My_new_roll_no % 3 != 0.. still

It's hardly been 3 days after I posted about my joy when I realized that my new roll no was divisible by 3. But now, it's not. Today it was announced that my new roll no is: 200102005 instead. Now, this isn't divisible by 3. The numbers less than 200102005 which divide it are: 5, 43, 215, 930707, 4653535 and 40020401. But the good thing is that of these factors, 3 are prime and 3 are composite. Having 3 prime factors is not bad! And.... if you add 5 to my roll no, it becomes divisible by 3 again. :-) (5 because my dual degree is a 5 year programme and that *should* have a part to play in the calculations.)

Thursday, August 04, 2005

Darwinism, the guiding principle for opensource and blogging

Little did Charles Darwin know about the idea of open source or blogging when he explained about "The Origin of the Species", but the same idea of "survival of the fittest" prevails here as well. That open source is analogous to letting a person choose what profession he wants to be in is the crux. This is because he'll perform the best in the profession he really wants to be, otherwise perish, giving way to better ones.

Accepting open source as a business model might seem foreign to most. "Why do something for free," one might argue. Well, you don't have to. No one forces you to blog. No one forces you to write and distribute open source. The crucial factor here is "force". You can do something best *only* if you truly love it. FULLSTOP. RedHat, supporting the Fedora project, is a gallant example of making money in symbiosis with OpenSource. And we've not even talked of the Google yet. Isn't it a working business model?

The threat of non-reliance on open source is a non-threat actually. Same for blogging. No one would read a blog which is poorly written or wrong. But something which many people do read *has* to be good. As humans, we communicate. One could ask, "Why speak for free?" I'd rather say, it's human to speak. It's just natural. Hearing is optional. And if there are many who hear me, it implies that I'm a good orator. So my speech will thrive only if I'm fit enough to speak -- survival of the fittest, or auto-perish of the frail. Parallely, to blog is natural. To try one's luck in working open source is natural.
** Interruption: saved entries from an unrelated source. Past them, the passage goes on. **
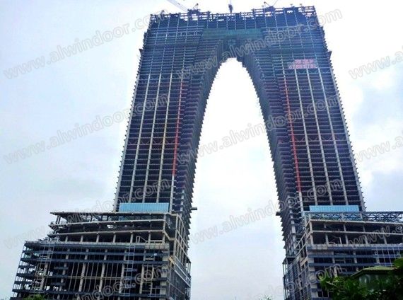 廣東西塔是全世界目前最大的隱框幕墻,也是全世界的最高的隱框幕墻。廣州西塔幕墻非常龐大,最大的板塊約6米左右。如此巨大的板塊完全用結構密封膠來粘貼確實讓人有些疑慮,而且幕墻建筑高度達432米,已經也超出了102規范的使用范疇,同時也出過了硅酮結構密封膠的國家標準的使用范圍。所以對該工程由建設部標準定額司特別召開了一個標準行政許可會。對超出標準規定的隱框玻璃幕墻使用的硅酮結構密封膠進行了一個專門的研究,同時做了大量的實驗。最后使用“廣州白云”高強度密封膠制做全隱框幕墻,目前的使用非常良好。幕墻工程由深圳金粵幕墻公司施工。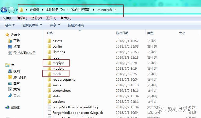3、将下载的mcpipy文件夹放到我的世界启动侠目录下的.minecraft目录里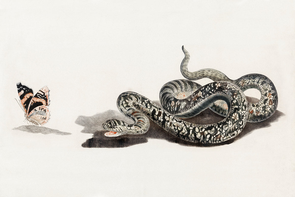 Verleihen Sie Ihrem Raum mit unserem Serpent and Butterfly Wallpaper die Eleganz der Natur. Perfekt für Akzentwände kombiniert dieses Design die beeindruckende Schönheit einer gewickelten Schlange mit dem zarten Charme eines Schmetterlings, vor einem klaren Hintergrund.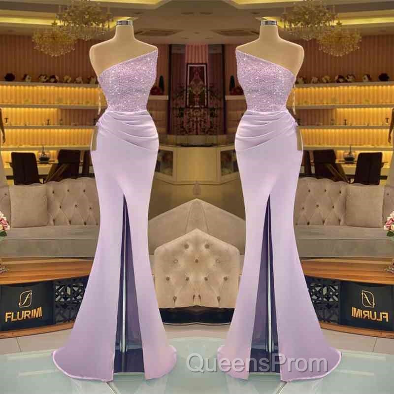 Sequins Formal Dress Light Purple Mermaid Evening Prom Dress Long Slit Strapless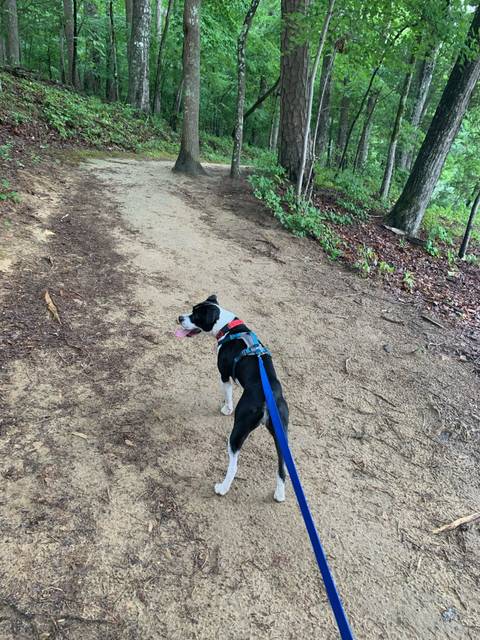 Gus was adopted following three months of foster care. He was adopted by a great, young family with two young children ready for Gus’s playful energy. Because he was raised with young children, he has particularly bonded with the seven-year-old daughter. His adoptive family says, “We were lucky to find Gus through Shooting Star Animal Rescue and we are so happy we found him. Gus has been a great addition to the family. Whether he is cuddling on the couch, hiking the trails at Anne Springs Greenway, or endless hours staring at squirrels, he is always by our side with a big smile on his face.”

Paul Graham has an excellent article on What business can learn from Open Source. Amateurs giving professionals a run for their money is natural. So what does that mean? -- there can be no professionalism? No. A person doesn't have to do one thing only. If I'm an employee, that doesn't mean that I don't talk, does it? But perhaps I'll be able to perform excellent in my amateur self -- or better still if my profession self and the amateur self are the same.

Wednesday, August 03, 2005

My_new_roll_no % 9 == 0


For the last 4 years, I had the roll no 200101049. Not that I'm superstitious or anything but this wasn't divisible by 3, and I didn't like it. Having switched to the Dual Degree Programme, my roll no has been changed to 200102049. This is divisible by 3, and, to add to my joy, divisible by 9 too! -- and I can't believe it even 27 divides it. Wow! I love my new roll no.

Tuesday, August 02, 2005

What Everyone Should Know About Blog Depression

The Nonist has published (in PDF form) an interesting little pamphlet called What Everyone Should Know About Blog Depression.
There is a growing epidemic in the cyberworld. a scourge which causes more suffering with each passing day. as blogging has exploded and, under the stewardship of the veterans, the form has matured more and more bloggers are finding themselves disillusioned, dissatisfied, taking long breaks, and in many cases simply closing up shop. this debilitating scourge ebbs and flows but there is hardly a blogger among us who has not felt it's dark touch. we're speaking, of course, about blog depression.